# Tuna Time!!!



## MillerTime (Jul 6, 2011)

https://vimeo.com/53022520

Carl, Troy, Britny, Walt and myself made a trip this past weekend to Venice looking for some tuna. This will be my last time out on the water until next spring. We booked with Pelagic Charters and Capt. Wall and his deckhand Mitch showed us a great time. It really sure is nice to not have to run 90+ miles to get to some tuna.

We ended the day with one 100lb+ yellow fin and 12 black fin (we could have sunk the boat with them). We all came back with more meat than we will eat in a long time. It was definitely a great experience and something worth trying again.

This is the aftermath of Bianca's delicious preparation!!


----------



## LUNDY (Aug 23, 2012)

nothing better then sashimi yellowfin tuna, especially that fresh


----------



## coolbluestreak (Jun 27, 2011)

That's awesome dude!


----------



## oxbeast1210 (Jun 21, 2010)

Awesome!!

Take care of yourself during your deployment and come back safe!!


----------



## MillerTime (Jul 6, 2011)

Thanks Oscar. Did you get yo Cali yet?


----------



## dthomas142 (Jul 18, 2011)

Nice job miller, looks delecious!


----------



## Realtor (Oct 1, 2007)

holy crap, GREAT trip!


----------



## marmidor (Mar 15, 2008)

Killer video my friend!!! Thank you for sharing! Love the way it was filmed!!!!!


----------



## MillerTime (Jul 6, 2011)

marmidor said:


> Killer video my friend!!! Thank you for sharing! Love the way it was filmed!!!!!


Yeah it was a little hairy at times jumping into the water with all those sharks :whistling:

I actually just use an extension pole from walmart and put a screw in it to mount the gopro on. Also put a noodle on it in case anyone gets a case of the butterfingers.


----------



## marmidor (Mar 15, 2008)

MillerTime said:


> Yeah it was a little hairy at times jumping into the water with all those sharks :whistling:
> 
> I actually just use an extension pole from walmart and put a screw in it to mount the gopro on. Also put a noodle on it in case anyone gets a case of the butterfingers.

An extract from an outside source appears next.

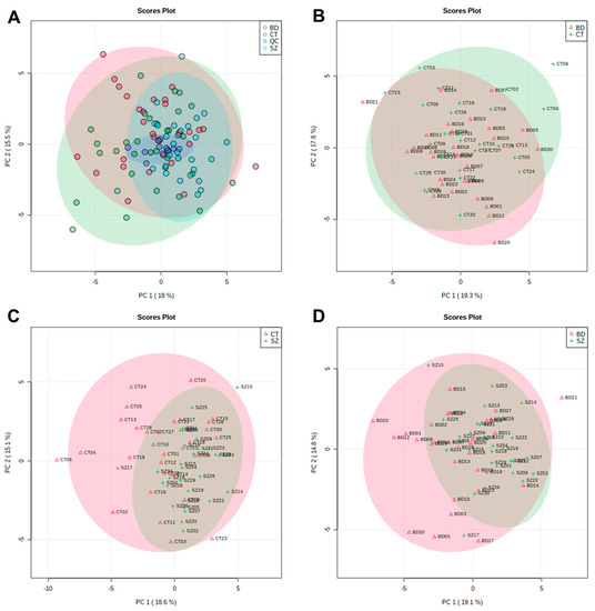 PC1 vs. PC2 scores plot from the PCA of: (A) CT, BD, and SZ groups with QCs; (B) BD×CT, (C) SZ×CT, and (D) BD×SZ.

Man you had me fooled for sure. I'm not sure you could have done it any better if you were In water. Again fine catch and video!


----------



## nonameangler+1 (May 13, 2009)

*Video*

AWSOME video. Thanks for sharing. It was a great trip. I'm so glad you we able to get the yellow fin taking the bait. 
Stay safe in your travels. Did some yellowfin steaks this week and Angiie smoking 3 chuncks of the blackfin with apple wood today on the green egg for smoked tuna dip for the weekend. 
Thanks again for setting everything up on the trip. 
R/Walt


----------